» **Exercise goal**
What is needed is a word-for-word copy of the lines below from the one with "三面鏡を採用した洗面化粧台。鏡の裏にも収納スペースがあります。" through the one with "Funda de Cojín", both included, with every picture left out.

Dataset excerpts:
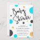 Bolinhas Blue & Dourado Baby Shower convites com "Chá de fraldas" em um guião amigável manuscrito e grande azul-aqua, ouro joalhado e bolinhas pretas flutuando em um design chic e moda. Convites perfeitos para chás de fraldas inteligentes e modernos.
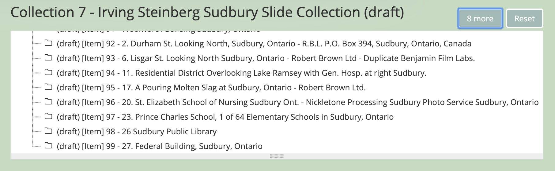 The full-width treeview, pictured above, has some notable differences from the older sidebar treeview. Most notably, it will allow users to browse all levels of description in the hierarchy of the archival unit at one, while the sidebar treeview will only display siblings of the currently viewed level. By being positioned in the center of the page, it necessarily has more room - and a user can click and drag the bottom bar of the treeview to expand the viewing area further:
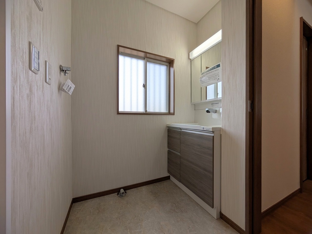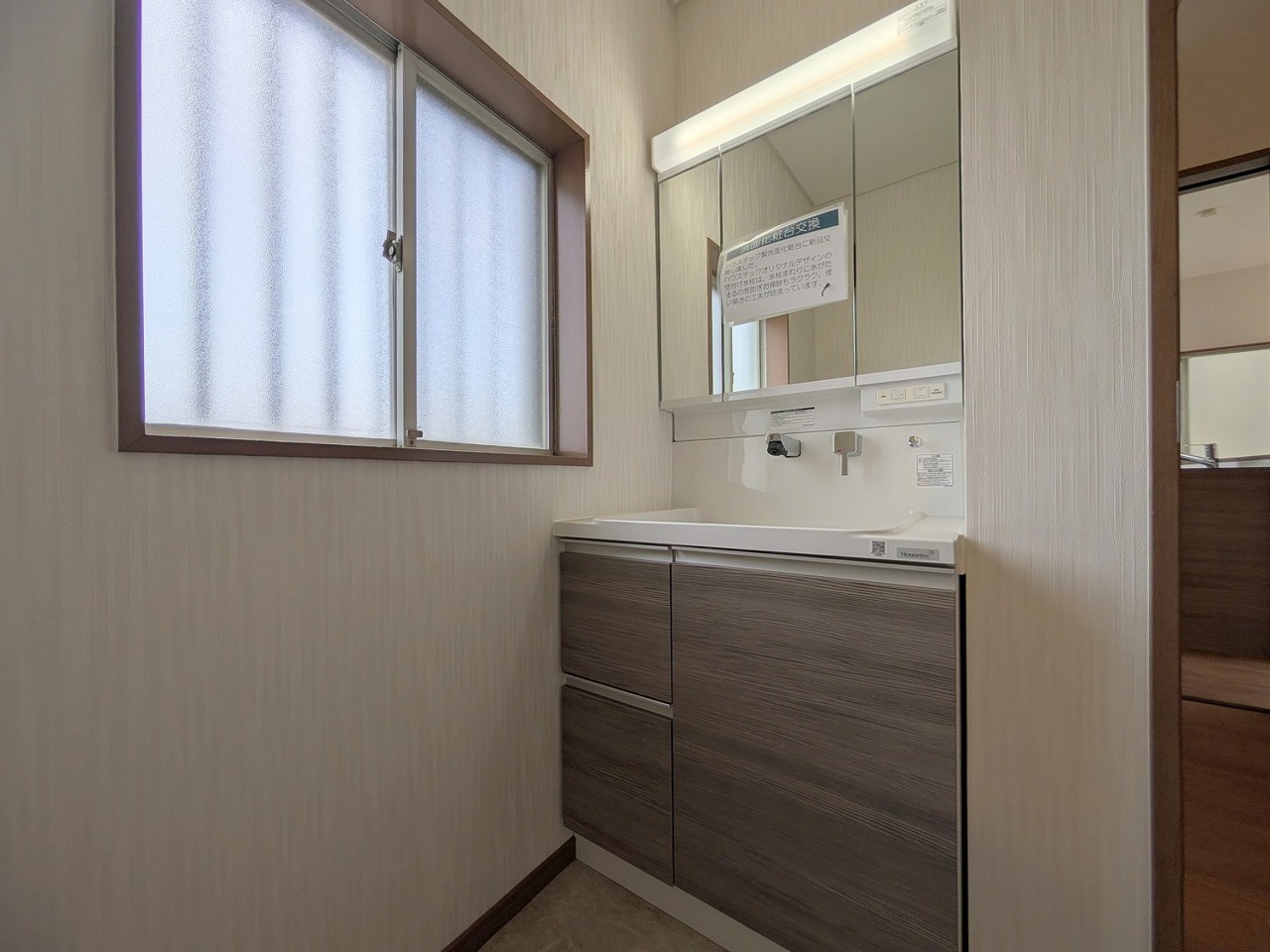三面鏡を採用した洗面化粧台。鏡の裏にも収納スペースがあります。
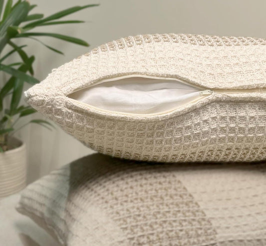 Funda de Cojín con Trenza de Cable y Tejido de Diamante
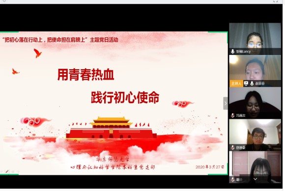 疫情面前,公司员工党员们勇于担当,纷纷为疫情防控工作做出自己的贡献,公司多个员工党支部组织党员分享青春战疫故事。本科生党支部开展“用青春热血,践行初心使命”线上主题党日活动,员工发展对象、入党积极分子一同参与党日活动。支部内李婕、王云汐、吴怡雯、牛露潼等员工党员分别讲述了他们参与防疫心理科普、心理援助网络平台、社区防疫、抗疫歌曲制作等工作的经历和感想。支部还连线海外交流学习的党员,共同交流国内外疫情防控的做法,通过交流对比,中国的国家制度优势和强大的人民力量让党员们骄傲而自豪,从而更加坚定“四个自信”,增强“四个意识”。2019级专硕党支部开展“全民抗疫——身边的故事”线上主题党日活动,党员同学们分享了疫情期间发生在自己身边的感人事迹,包括农村基层工作者、基层民警、外卖小哥的故事等。2018级专硕党支部开展“守初心,担使命,抗疫情”线上主题党日活动,参与公司“新冠疫情心理援助”网络平台工作的员工党员分享了工作体会和感想,提出了作为心理人,作为一名党员,在国家大难之际应有的担当。2017级学硕党支部的夏榕同学在支部主题党日活动中介绍了她在疫情期间为小海豚的多动症和自闭症小朋友们在线上进行注意力训练和运动训练的故事。员工党员们对青春战疫故事的分享,激发了党员们向身边榜样学习的决心和动力,坚定了自己作为一名党员的责任与担当,增强了大家对战胜疫情,取得成功的信念和力量。
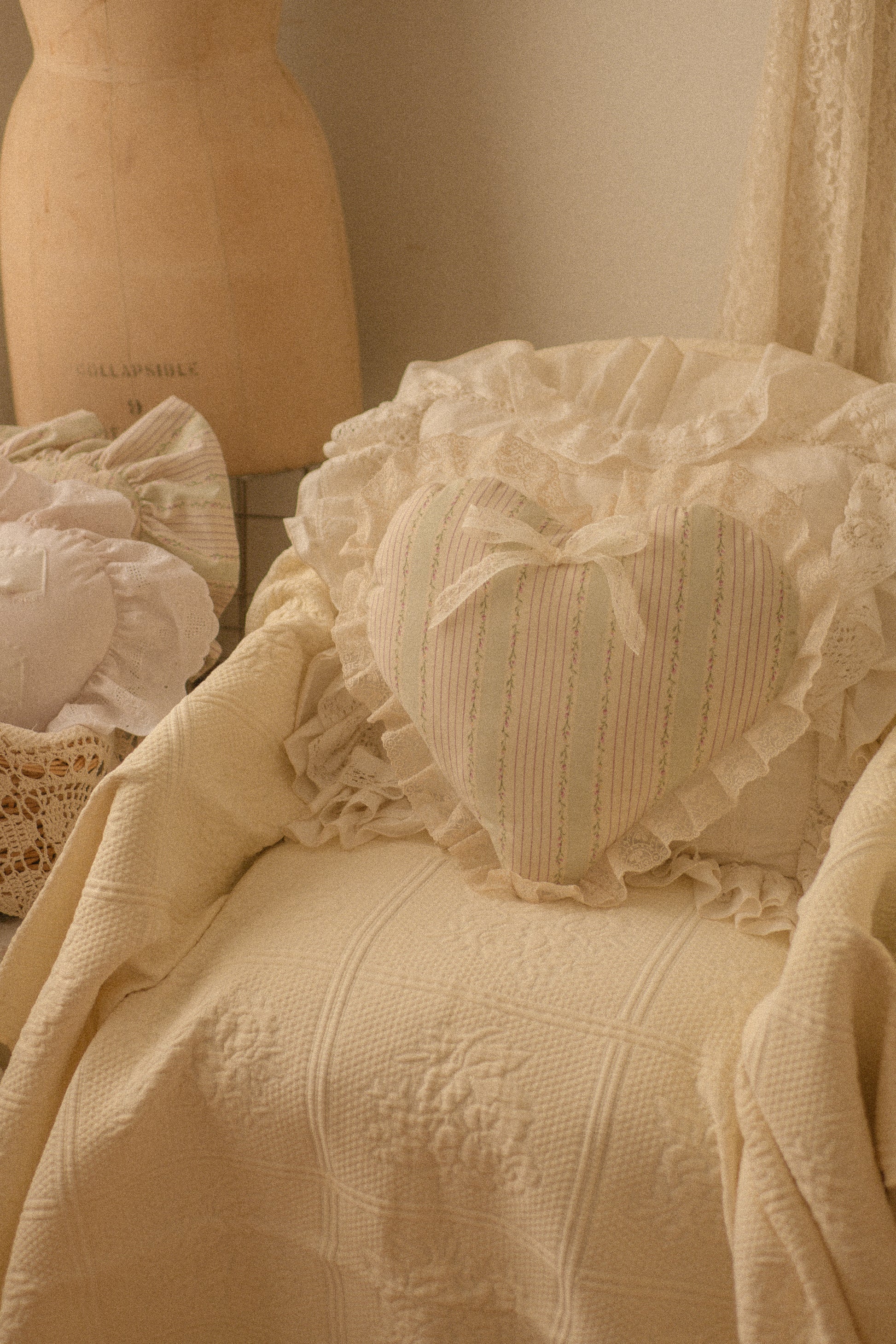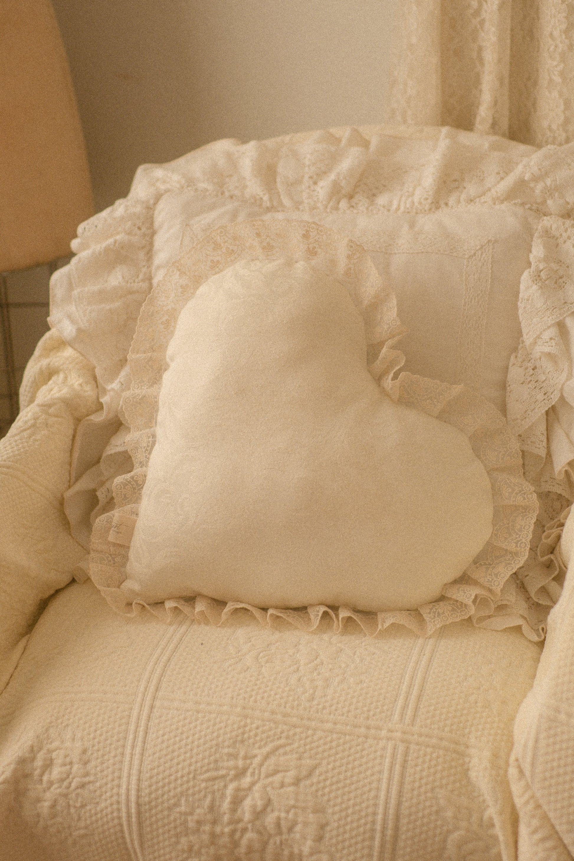 Delicate as a love letter and sweet as a summer's day, this heart-shaped pillow is a dreamy ode to romance & timeless beauty. Handmade with love , featuring a soft lace trim . Perfect for adorning your bed, cozy chair, or favorite daydreaming spot, this gentle treasure brings a tender touch of cottagecore grace to any space, a heart full of softness, stitched with sentiment.

» **Response area**
三面鏡を採用した洗面化粧台。鏡の裏にも収納スペースがあります。
 Funda de Cojín con Trenza de Cable y Tejido de Diamante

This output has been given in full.